What needs reproducing is the run of lines in the data below starting at the line with "221,902주를 순매도했다. |" and ending at the line with "お得♪ 即決有 earthmusic&ecology", both ends included. Copy it exactly, without pictures, and add nothing.

*** Opening Supplied records ***

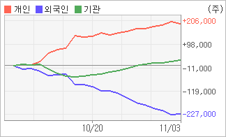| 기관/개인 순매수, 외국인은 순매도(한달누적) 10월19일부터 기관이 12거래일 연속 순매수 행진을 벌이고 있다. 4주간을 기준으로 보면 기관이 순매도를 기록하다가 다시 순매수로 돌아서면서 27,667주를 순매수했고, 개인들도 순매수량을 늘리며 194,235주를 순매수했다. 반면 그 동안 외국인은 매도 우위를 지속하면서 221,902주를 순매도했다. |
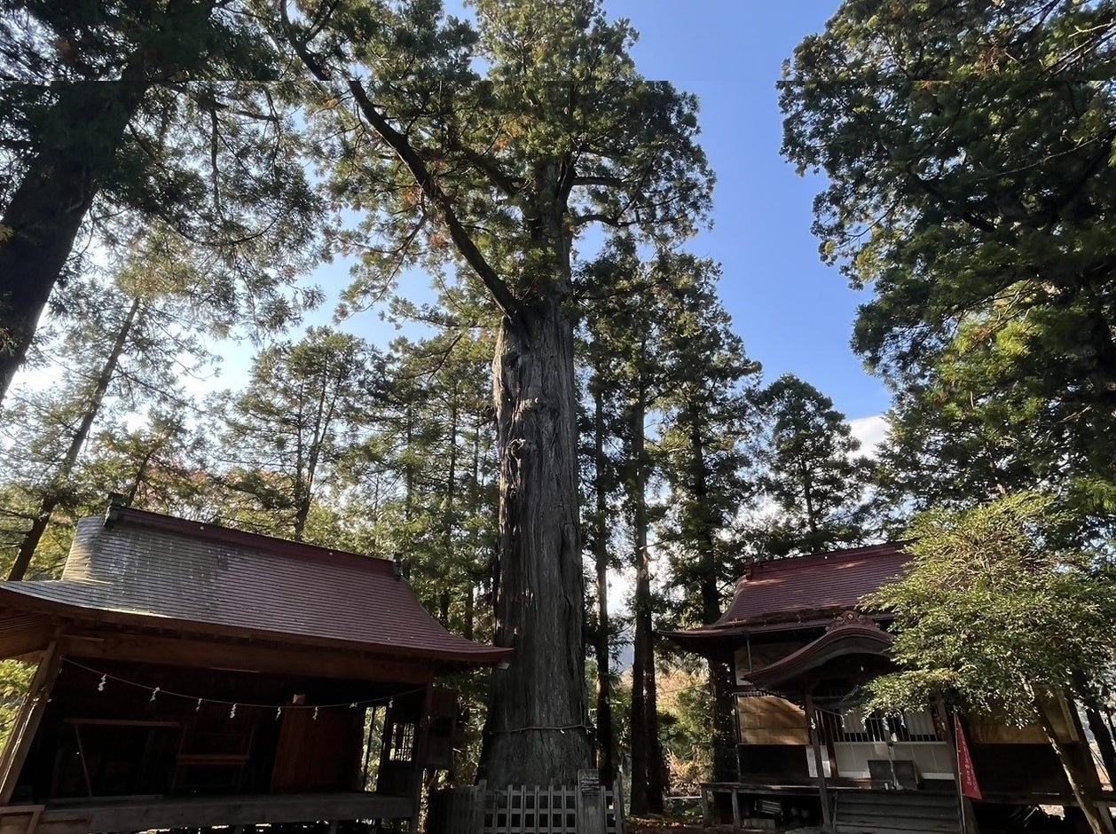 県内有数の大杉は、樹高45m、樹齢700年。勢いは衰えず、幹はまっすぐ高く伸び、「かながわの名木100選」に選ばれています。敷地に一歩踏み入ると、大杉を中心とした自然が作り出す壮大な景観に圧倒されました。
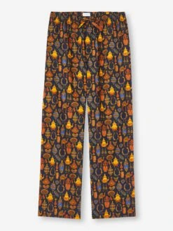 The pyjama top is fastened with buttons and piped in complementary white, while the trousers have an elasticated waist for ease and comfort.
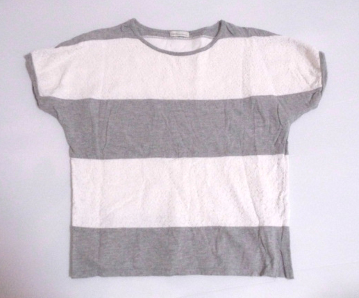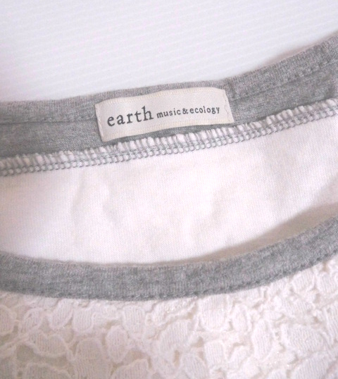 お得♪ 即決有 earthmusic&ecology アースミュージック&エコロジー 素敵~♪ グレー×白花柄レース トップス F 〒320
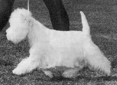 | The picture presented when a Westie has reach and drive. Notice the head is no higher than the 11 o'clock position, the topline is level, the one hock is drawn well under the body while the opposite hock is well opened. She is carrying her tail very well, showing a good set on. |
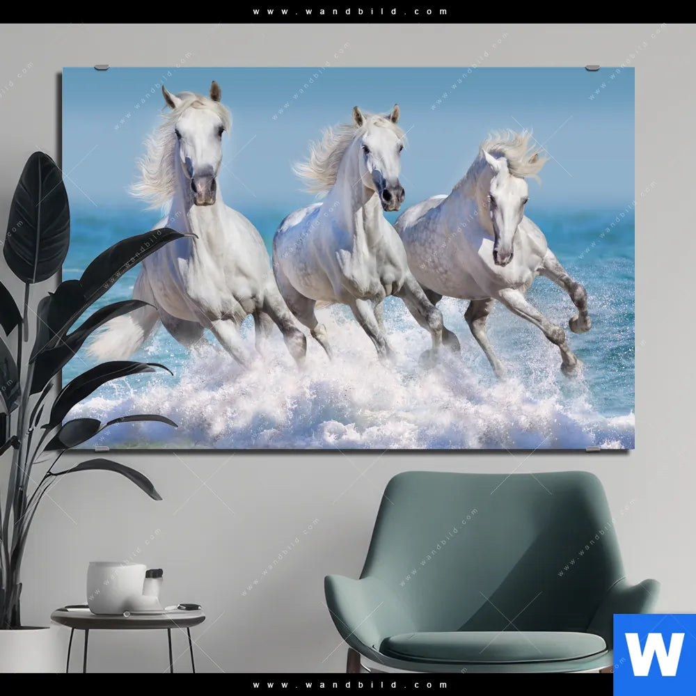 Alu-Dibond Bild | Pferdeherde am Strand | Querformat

*** Closing Supplied records ***
*** Opening Supplied records ***

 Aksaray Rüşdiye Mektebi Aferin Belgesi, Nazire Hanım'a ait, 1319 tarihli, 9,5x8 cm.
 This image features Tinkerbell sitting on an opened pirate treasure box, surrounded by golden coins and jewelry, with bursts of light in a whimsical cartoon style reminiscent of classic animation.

*** Closing Supplied records ***
*** Opening Supplied records ***

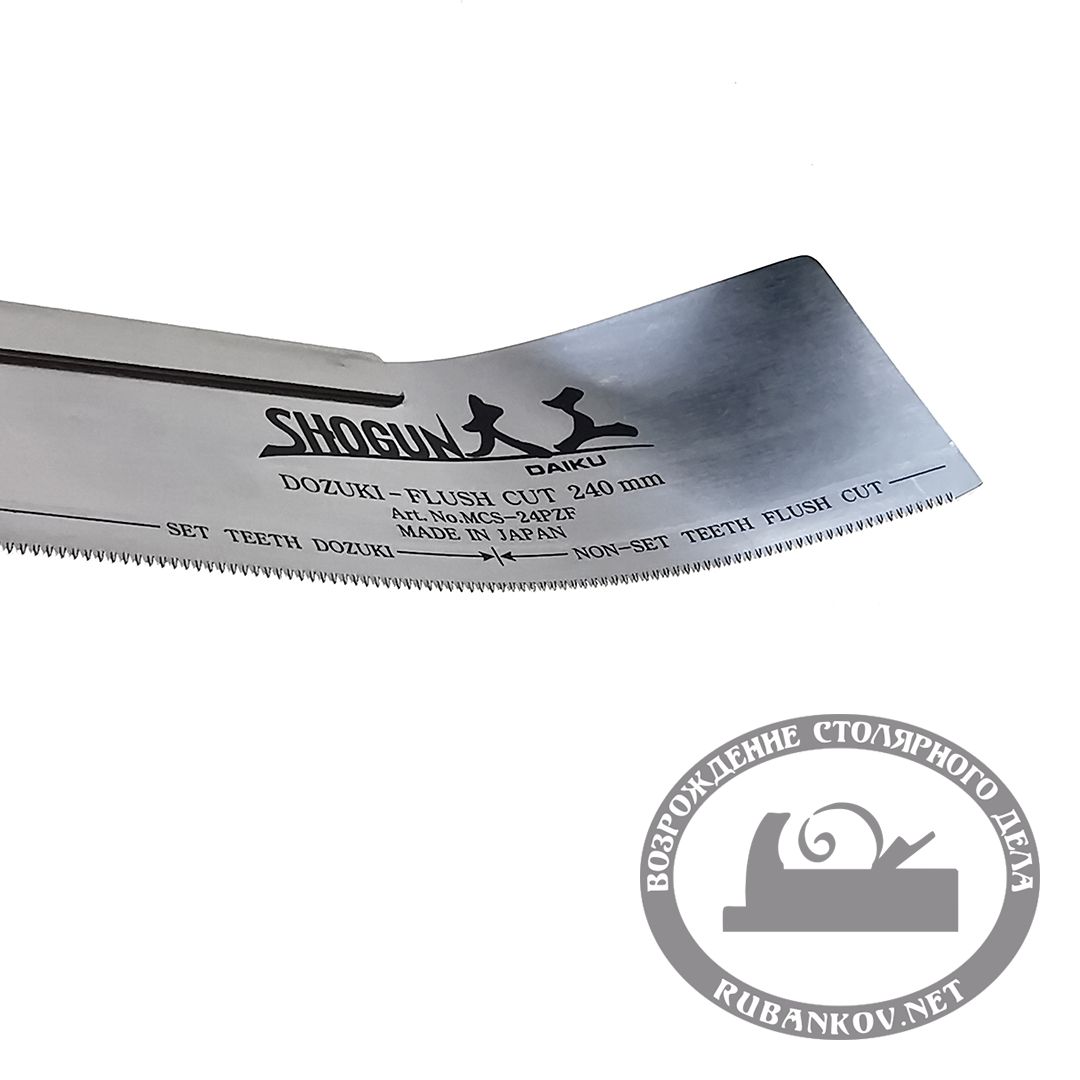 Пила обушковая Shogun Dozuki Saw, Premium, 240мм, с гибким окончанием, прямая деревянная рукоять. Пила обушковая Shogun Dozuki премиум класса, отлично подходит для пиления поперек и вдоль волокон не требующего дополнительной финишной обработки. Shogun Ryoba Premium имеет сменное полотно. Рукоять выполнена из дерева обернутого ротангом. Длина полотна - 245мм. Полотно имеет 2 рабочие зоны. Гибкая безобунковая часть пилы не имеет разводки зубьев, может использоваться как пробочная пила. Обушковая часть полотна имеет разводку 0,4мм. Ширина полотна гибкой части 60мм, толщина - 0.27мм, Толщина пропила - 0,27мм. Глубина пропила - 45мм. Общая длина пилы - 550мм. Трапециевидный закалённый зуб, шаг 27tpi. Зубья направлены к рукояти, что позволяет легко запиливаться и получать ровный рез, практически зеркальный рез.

*** Closing Supplied records ***

Solution for this problem –
| 기관/개인 순매수, 외국인은 순매도(한달누적) 10월19일부터 기관이 12거래일 연속 순매수 행진을 벌이고 있다. 4주간을 기준으로 보면 기관이 순매도를 기록하다가 다시 순매수로 돌아서면서 27,667주를 순매수했고, 개인들도 순매수량을 늘리며 194,235주를 순매수했다. 반면 그 동안 외국인은 매도 우위를 지속하면서 221,902주를 순매도했다. |
 県内有数の大杉は、樹高45m、樹齢700年。勢いは衰えず、幹はまっすぐ高く伸び、「かながわの名木100選」に選ばれています。敷地に一歩踏み入ると、大杉を中心とした自然が作り出す壮大な景観に圧倒されました。
 The pyjama top is fastened with buttons and piped in complementary white, while the trousers have an elasticated waist for ease and comfort.
 お得♪ 即決有 earthmusic&ecology アースミュージック&エコロジー 素敵~♪ グレー×白花柄レース トップス F 〒320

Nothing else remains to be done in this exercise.